Am Sonntagvormittag wurde die Feuerwehr Mainz gegen 10:30 Uhr vom Tower des Finther Flugplatzes darüber informiert, dass ein in der Luft befindliches Kleinflugzeug Probleme mit dem Fahrwerk hat.

Der Pilot der mit zwei Personen besetzten Piper gab an, dass er keinen Hinweis auf die korrekte Verriegelung seines Fahrwerkes habe und nicht sicher sei, ob er die Maschine gefahrlos landen könne. Um bei einem möglichen Crash sofort parat zu stehen wurde nach Alarmordnung daraufhin mit dem Stichwort „H3 Luftfahrzeug – Absturzgefahr“ alarmiert. Nach Rücksprache mit dem Tower wurde die Landebahn festgelegt und Kräfte der Feuerwehr gingen mit 15 Fahrzeugen am Rande des Flugfeldes in Bereitstellung.
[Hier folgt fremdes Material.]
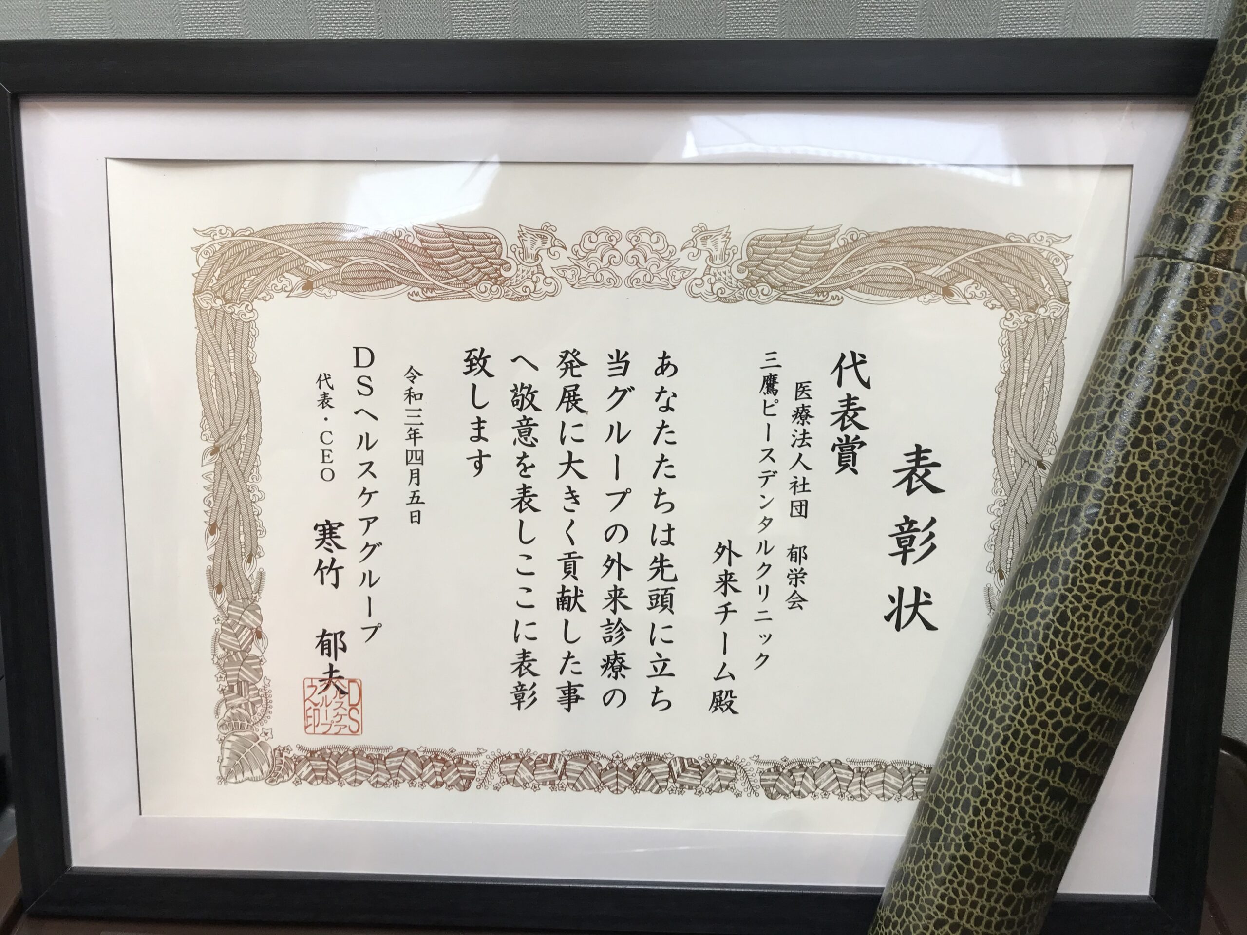 また、上記の3位という結果が評価され、当院が所属しているDSヘルスケアグループの代表より三鷹ピースデンタルクリニックが代表賞を授与されました。
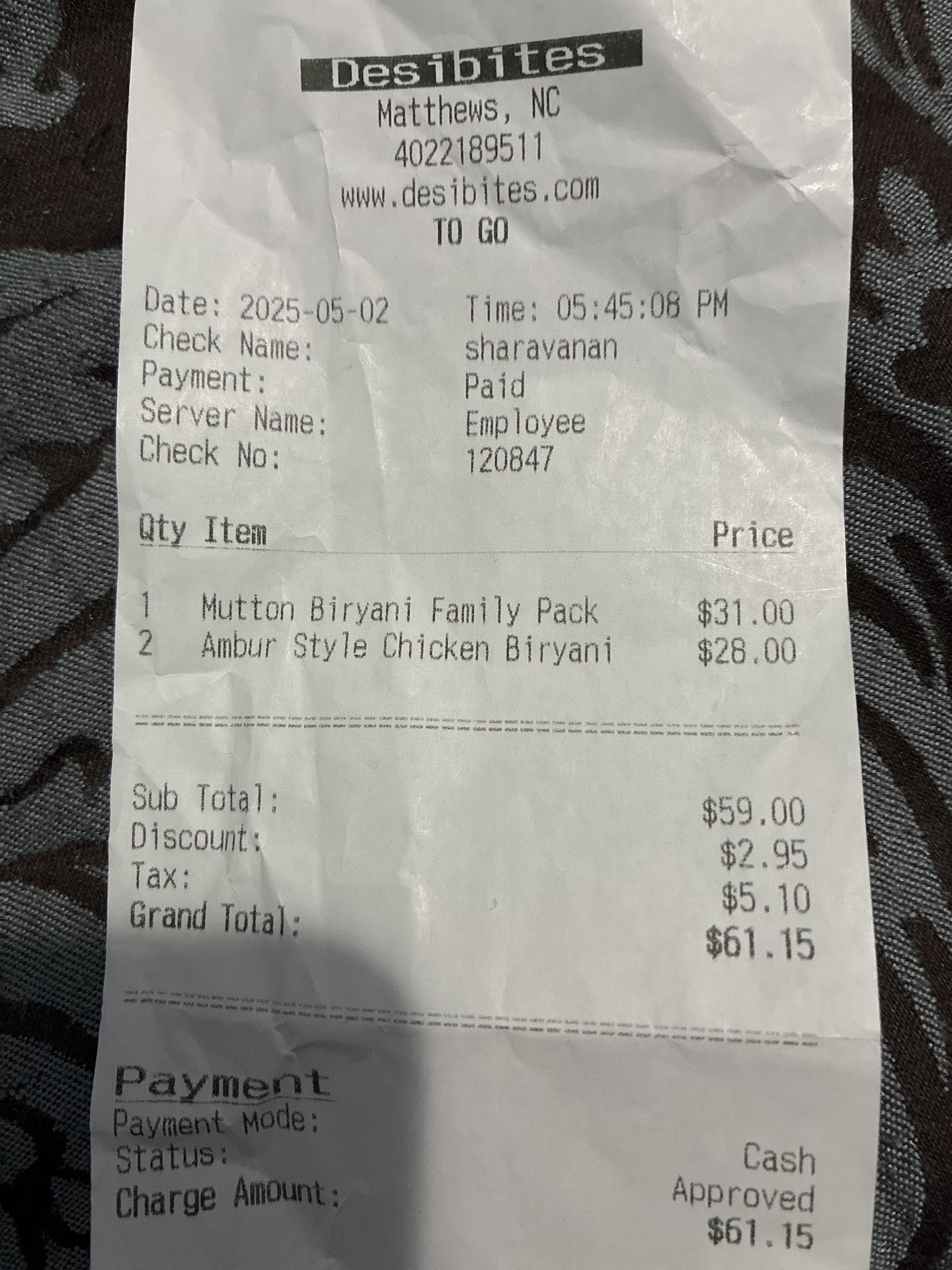 Itâs honestly disheartening to experience this, especially after being such a long-time supporter of Desi Bites. I sincerely hope the management looks into this matter and provides proper guidance or training to maintain the warm and welcoming atmosphere that Desi Bites has always been known for.

Das Flugzeug überflog mehrfach den Tower um von außen das Fahrwerk zu begutachten. Augenscheinlich war das Fahrwerk ausgefahren, so dass der Pilot einen Landeversuch auf einer Nebenrollbahn durchführen wollte. Hier konnte die Maschine sicher landen. Ein Eingreifen der alarmierten Rettungskräfte war glücklicherweise nicht erforderlich. Bei der Kontrolle des Flugzeuges am Boden, stellte sich heraus, dass es tatsächlich Probleme mit der Hydraulik am linken Fahrwerk gab.

Neben 25 Kräften der Berufsfeuerwehr Mainz waren die Freiwillige Feuerwehr Mainz-Finthen und Wackernheim mit 28 Kräften sowie der Rettungsdienst und die Polizei im Einsatz.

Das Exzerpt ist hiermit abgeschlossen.